» Work to complete:
Copy, from the material below, each line that contains the word "access".

» Supplied information:
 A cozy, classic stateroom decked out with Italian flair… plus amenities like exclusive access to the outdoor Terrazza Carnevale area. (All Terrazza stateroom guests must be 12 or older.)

--

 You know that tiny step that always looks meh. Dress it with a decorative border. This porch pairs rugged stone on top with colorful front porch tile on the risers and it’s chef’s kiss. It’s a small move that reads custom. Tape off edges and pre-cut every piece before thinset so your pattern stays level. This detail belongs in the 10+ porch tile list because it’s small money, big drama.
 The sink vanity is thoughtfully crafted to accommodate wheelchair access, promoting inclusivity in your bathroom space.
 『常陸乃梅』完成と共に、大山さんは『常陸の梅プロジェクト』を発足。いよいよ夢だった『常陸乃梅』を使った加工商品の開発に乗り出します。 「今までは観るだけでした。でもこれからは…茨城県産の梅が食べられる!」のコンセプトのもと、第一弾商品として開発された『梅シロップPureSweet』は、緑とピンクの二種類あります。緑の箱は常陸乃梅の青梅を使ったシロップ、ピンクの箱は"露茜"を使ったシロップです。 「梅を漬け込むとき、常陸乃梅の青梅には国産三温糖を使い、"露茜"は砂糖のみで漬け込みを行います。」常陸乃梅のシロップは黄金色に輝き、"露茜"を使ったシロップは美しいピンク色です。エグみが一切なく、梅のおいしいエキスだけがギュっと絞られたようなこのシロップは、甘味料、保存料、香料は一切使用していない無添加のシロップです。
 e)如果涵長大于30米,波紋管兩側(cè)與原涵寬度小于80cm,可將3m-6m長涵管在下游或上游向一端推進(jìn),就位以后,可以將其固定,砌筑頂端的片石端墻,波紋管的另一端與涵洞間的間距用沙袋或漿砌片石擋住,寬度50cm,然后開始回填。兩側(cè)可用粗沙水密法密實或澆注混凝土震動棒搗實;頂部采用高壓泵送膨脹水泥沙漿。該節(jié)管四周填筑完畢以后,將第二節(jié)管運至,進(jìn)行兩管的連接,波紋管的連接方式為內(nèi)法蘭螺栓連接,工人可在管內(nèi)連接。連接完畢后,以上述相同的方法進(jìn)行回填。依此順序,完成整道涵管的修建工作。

---

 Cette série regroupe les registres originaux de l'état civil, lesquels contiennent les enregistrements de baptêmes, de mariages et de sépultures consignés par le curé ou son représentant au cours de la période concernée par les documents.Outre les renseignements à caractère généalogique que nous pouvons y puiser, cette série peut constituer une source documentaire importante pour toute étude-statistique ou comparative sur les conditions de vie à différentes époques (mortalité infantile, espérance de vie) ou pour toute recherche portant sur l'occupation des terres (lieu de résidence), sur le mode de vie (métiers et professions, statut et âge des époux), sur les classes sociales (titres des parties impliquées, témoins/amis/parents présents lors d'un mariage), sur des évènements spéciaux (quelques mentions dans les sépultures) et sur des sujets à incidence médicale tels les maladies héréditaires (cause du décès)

» Expected output:
 A cozy, classic stateroom decked out with Italian flair… plus amenities like exclusive access to the outdoor Terrazza Carnevale area. (All Terrazza stateroom guests must be 12 or older.)
 The sink vanity is thoughtfully crafted to accommodate wheelchair access, promoting inclusivity in your bathroom space.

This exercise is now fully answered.